EXERCISE: Omit every picture, and retype the lines that run from the beginning of the data below through the line containing "Sanatın büyüsünü çocuklarımızla", inclusive.

★ ★ ★

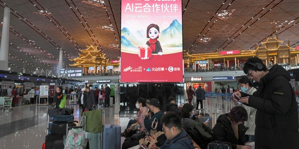 | ▲ 바이트댄스의 인공지능 플랫폼 광고 아래에서 대기하고 있는 여행객이 5일 중국 베이징 서우두국제공항에서 스마트폰을 사용하고 있다. <연합뉴스> |
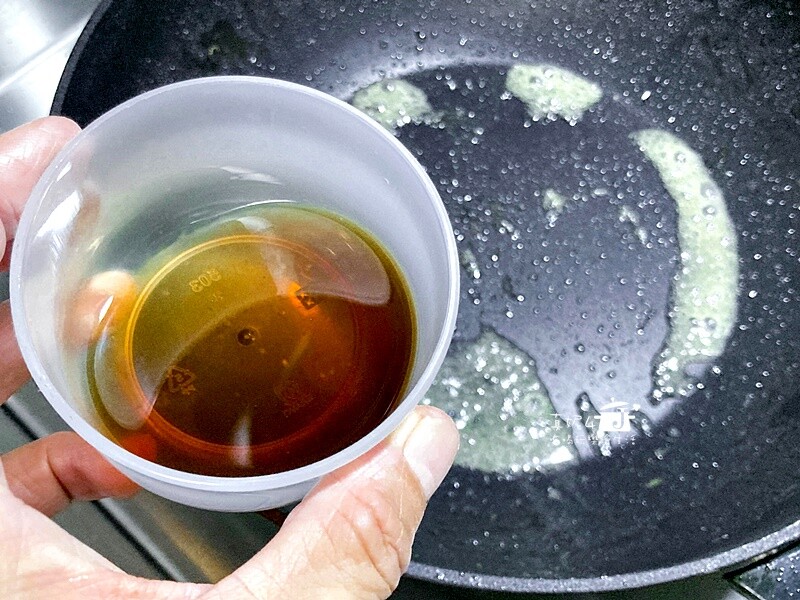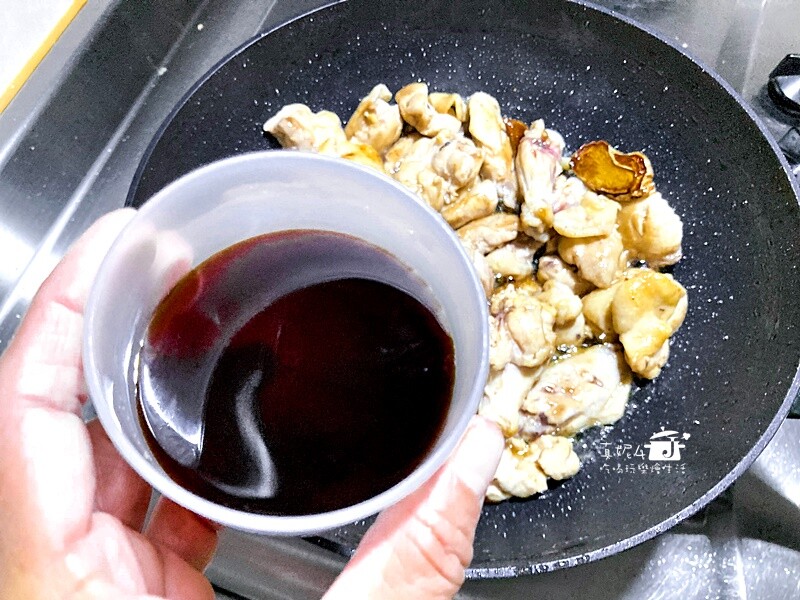 3.倒入醬油和米酒後再次翻炒均勻,讓肉塊們均勻吸收醬汁的風味
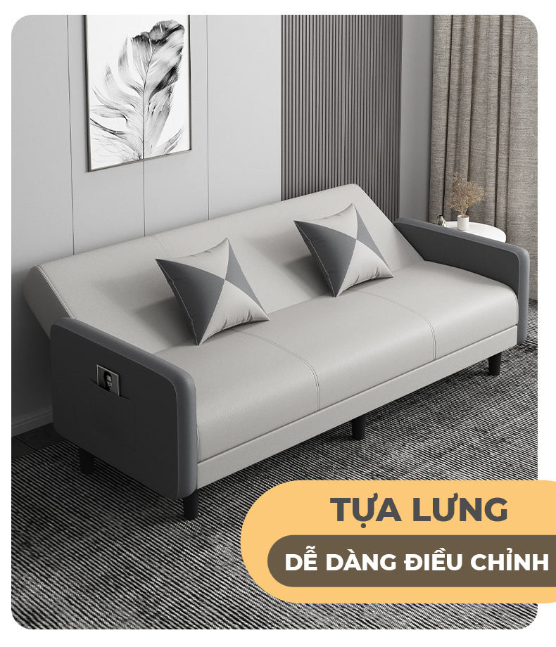 Khung sofa được chế tác từ gỗ tự nhiên chắc chắn, đảm bảo độ ổn định và tuổi thọ lâu dài. Lớp vải bọc công nghệ tiên tiến giúp chống thấm, chống bám bẩn và dễ dàng vệ sinh, giữ cho sản phẩm luôn như mới. Phần đệm mút bọt biển cao cấp mang lại cảm giác êm ái, đàn hồi tốt và hỗ trợ cơ thể tối ưu trong mọi tư thế ngồi hay nằm.
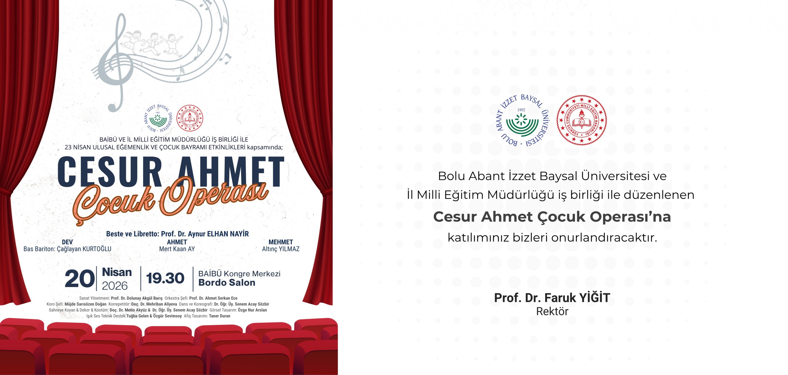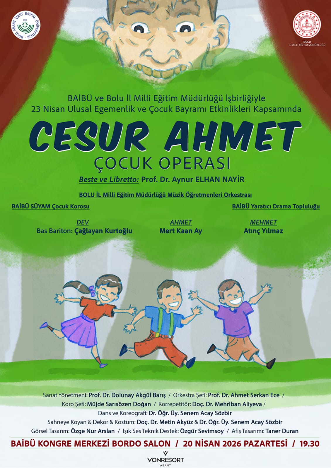 Sanatın büyüsünü çocuklarımızla buluşturuyoruz. Prof. Dr. Aynur Elhan Nayir’in kaleme aldığı ve bestelediği “Cesur Ahmet Çocuk Operası” için sahne perdeleri açılıyor. SÜYAM Çocuk Korosu, Milli Eğitim Müdürlüğü Müzik Öğretmenleri Orkestrası ve Yaratıcı Drama Topluluğu’nun katılımıyla hazırlanan bu özel gösteriye hepiniz davetlisiniz.
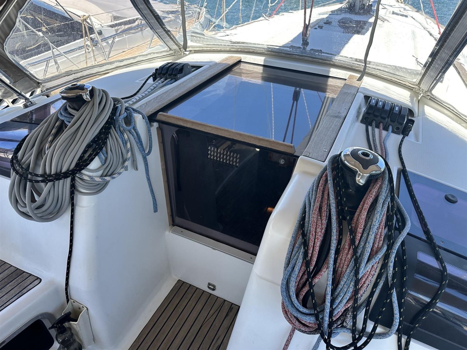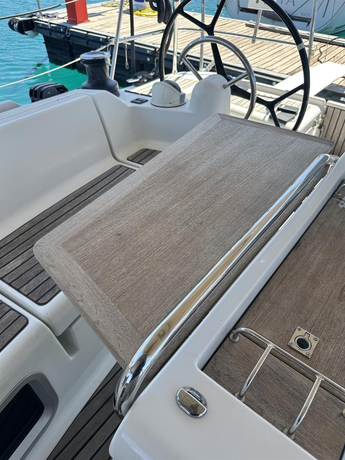 Large cockpit with double wheelhouse. Integrated cockpit table with icebox. Oversized winches for maneuvers in a small crew. Folding aft platform. Wide and comfortable walkways
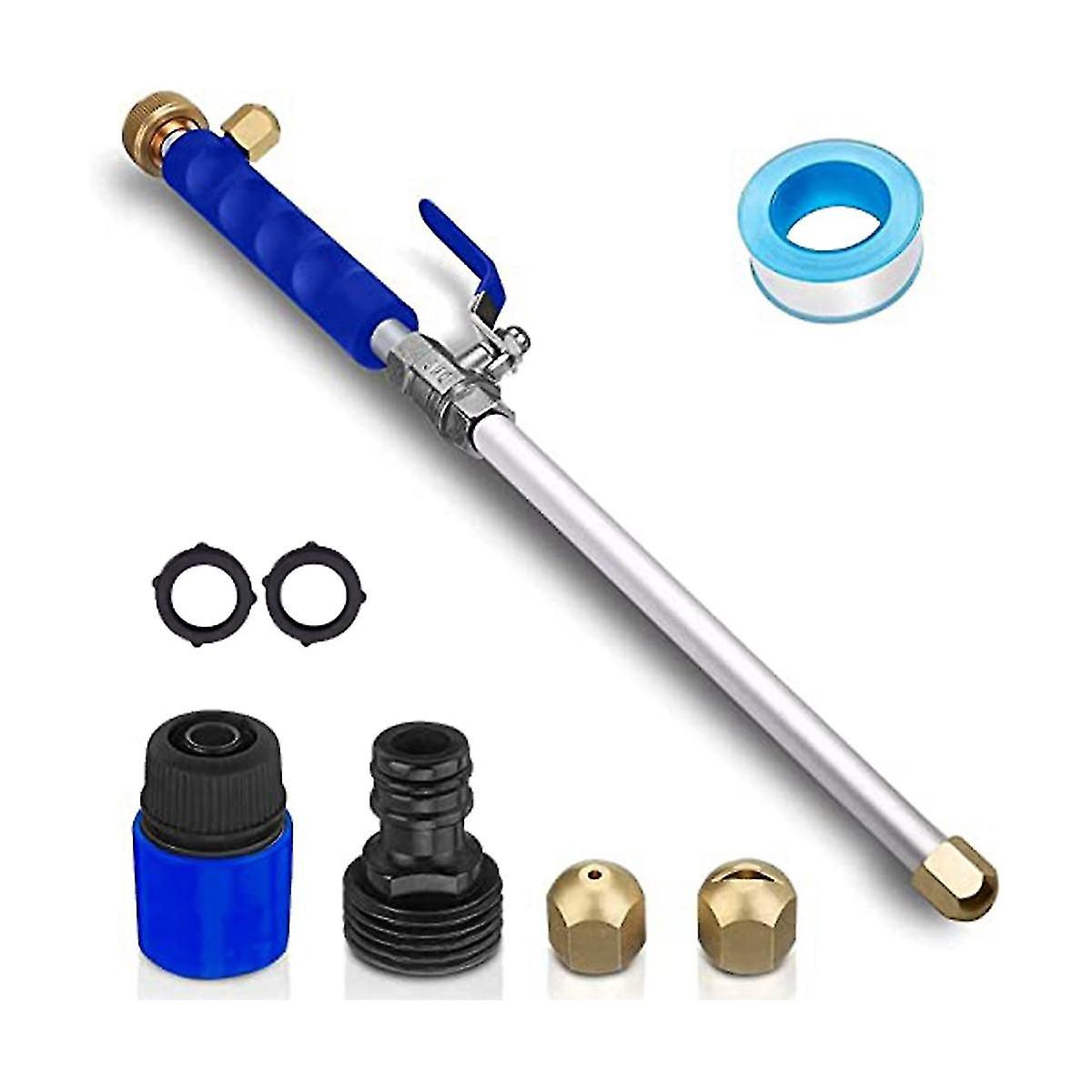The pressure is only related to the domestic water pressure, no power supply is required, and no electricity is required. If your water hose has a quick connect, our pressure washer wand connects perfectly to it. It's durable and , combined with a leak-proof design, ensures you can use it comfortably for all your cleaning, washing and gardening needs. Our hydrojet high pressure power washer can be used to clean dirt and mold build-up from wood, aluminum and vinyl shutters, concrete sidewalks, wooden decks, brick, stone, rocks, your car, truck, , boat and more. Product Name: High Pressure Washing Water Colour:As Shown Material:aluminum alloy Package Contents: 1 x Water Blue 2 x Nozzles 1 x Black Connector 2 x Spacers 1 x Tape 1 x Blue Quick Connect Only the above package content, other products are not included. Note: Light reflection and different displays may cause the color of the item in the picture a little different from the real thing. The measurement allowed error is +/- 1-3cm.

★ ★ ★

THE ANSWER:
 | ▲ 바이트댄스의 인공지능 플랫폼 광고 아래에서 대기하고 있는 여행객이 5일 중국 베이징 서우두국제공항에서 스마트폰을 사용하고 있다. <연합뉴스> |
 3.倒入醬油和米酒後再次翻炒均勻,讓肉塊們均勻吸收醬汁的風味
 Khung sofa được chế tác từ gỗ tự nhiên chắc chắn, đảm bảo độ ổn định và tuổi thọ lâu dài. Lớp vải bọc công nghệ tiên tiến giúp chống thấm, chống bám bẩn và dễ dàng vệ sinh, giữ cho sản phẩm luôn như mới. Phần đệm mút bọt biển cao cấp mang lại cảm giác êm ái, đàn hồi tốt và hỗ trợ cơ thể tối ưu trong mọi tư thế ngồi hay nằm.
 Sanatın büyüsünü çocuklarımızla buluşturuyoruz. Prof. Dr. Aynur Elhan Nayir’in kaleme aldığı ve bestelediği “Cesur Ahmet Çocuk Operası” için sahne perdeleri açılıyor. SÜYAM Çocuk Korosu, Milli Eğitim Müdürlüğü Müzik Öğretmenleri Orkestrası ve Yaratıcı Drama Topluluğu’nun katılımıyla hazırlanan bu özel gösteriye hepiniz davetlisiniz.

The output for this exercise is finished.